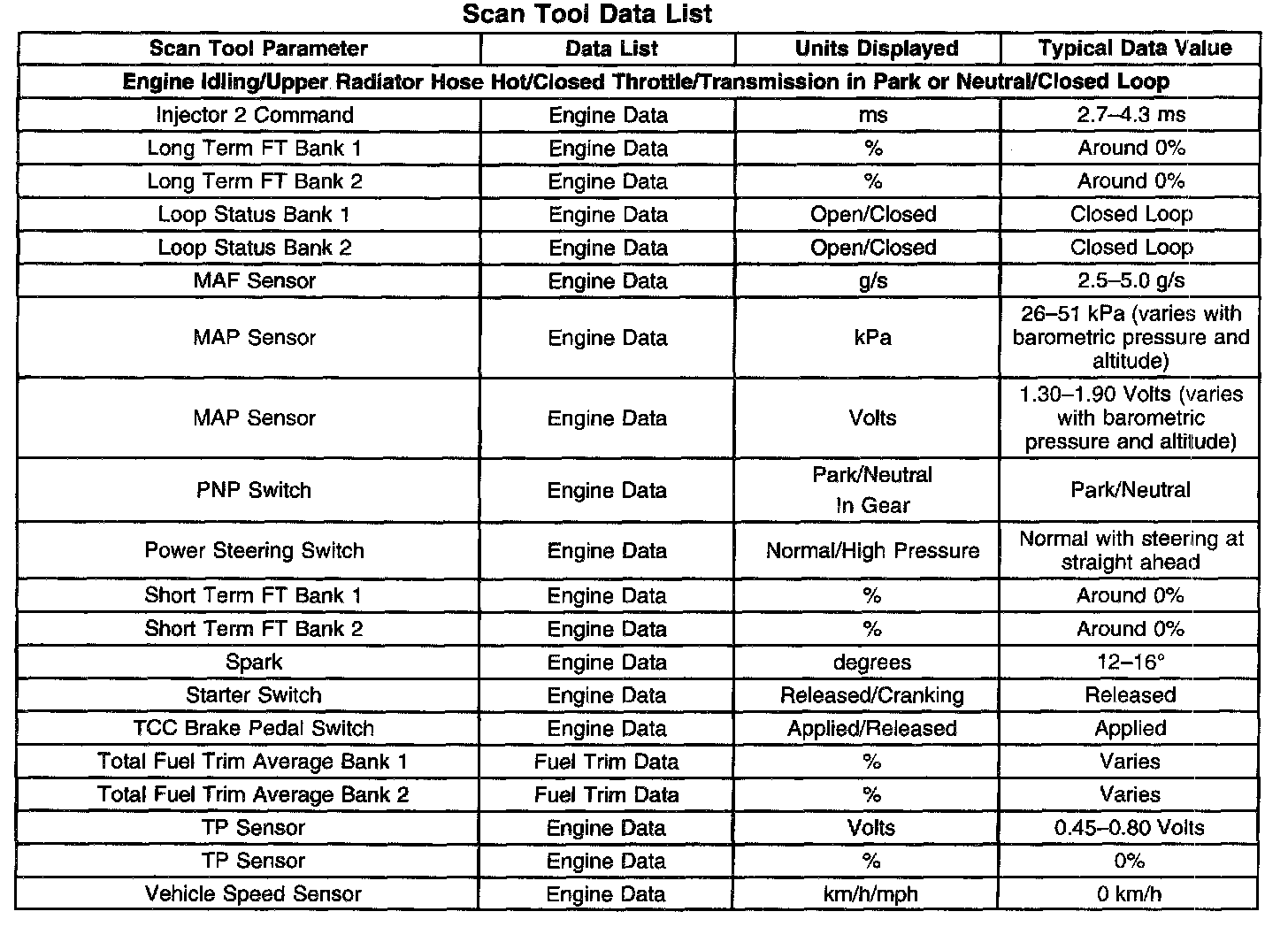 The Engine Scan Tool Data List contains all engine related parameters that are available on the scan tool. The list is arranged in the alphabetical order.
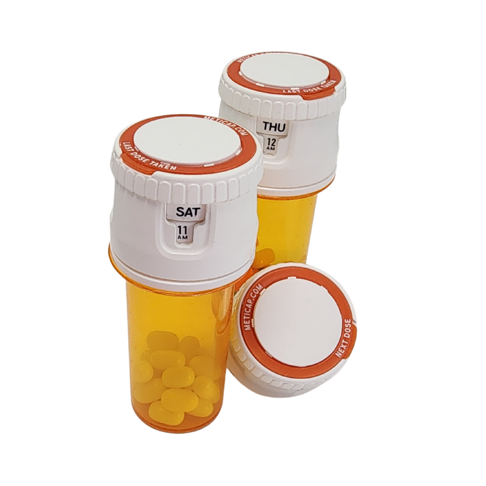 NOTE: Meticap is only designed to work on the 1-Clic® standard sized cap & vial found at pharmacies such as Walgreens and other retailers and online prescription companies. Meticap does not work on push-and-turn style of presription vials.
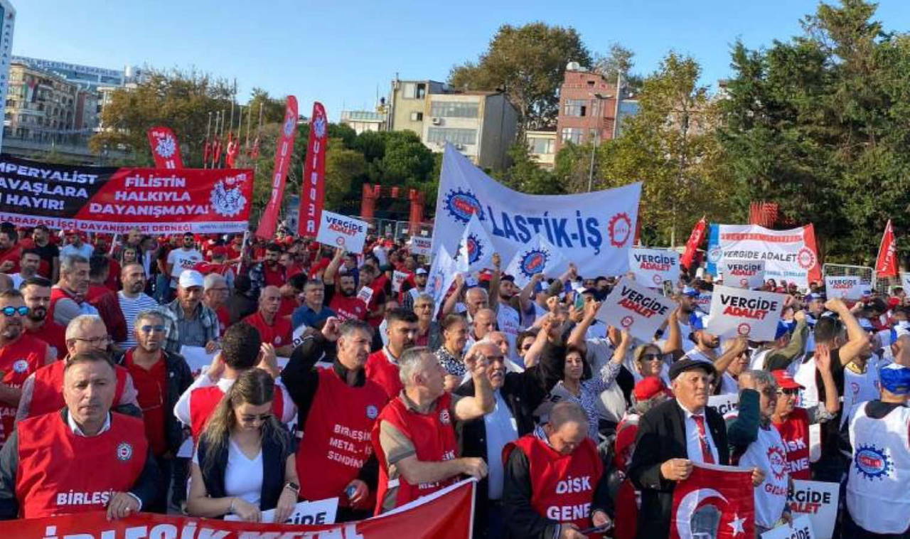 DİSK'in düzenlediği miting için Marmaray’ın Başak durağı önünde bir araya gelen binlerce işçi, kortejler halinde miting alanına yürüdü. Çok sayıda siyasi parti ve demokratik kitle örgütünün katıldığı mitingde, üniversite öğrencilerinin de ilgisi yoğundu. Sık sık, “İnadına sendika inadına DİSK”, “Gelirde adalet, vergide adalet”, “Filistin halkı yalnız değildir” “İşçilerin birliği sermayeyi yenecek”, “Direne direne kazanacağız”, sloganlarını atan kitle, miting alanını doldurdu.

-- WORK INSTRUCTIONS --
Make an exact copy of the whole listing, but don't bring over any pictures.

-- YOUR RESPONSE --
 The Engine Scan Tool Data List contains all engine related parameters that are available on the scan tool. The list is arranged in the alphabetical order.
 NOTE: Meticap is only designed to work on the 1-Clic® standard sized cap & vial found at pharmacies such as Walgreens and other retailers and online prescription companies. Meticap does not work on push-and-turn style of presription vials.
 DİSK'in düzenlediği miting için Marmaray’ın Başak durağı önünde bir araya gelen binlerce işçi, kortejler halinde miting alanına yürüdü. Çok sayıda siyasi parti ve demokratik kitle örgütünün katıldığı mitingde, üniversite öğrencilerinin de ilgisi yoğundu. Sık sık, “İnadına sendika inadına DİSK”, “Gelirde adalet, vergide adalet”, “Filistin halkı yalnız değildir” “İşçilerin birliği sermayeyi yenecek”, “Direne direne kazanacağız”, sloganlarını atan kitle, miting alanını doldurdu.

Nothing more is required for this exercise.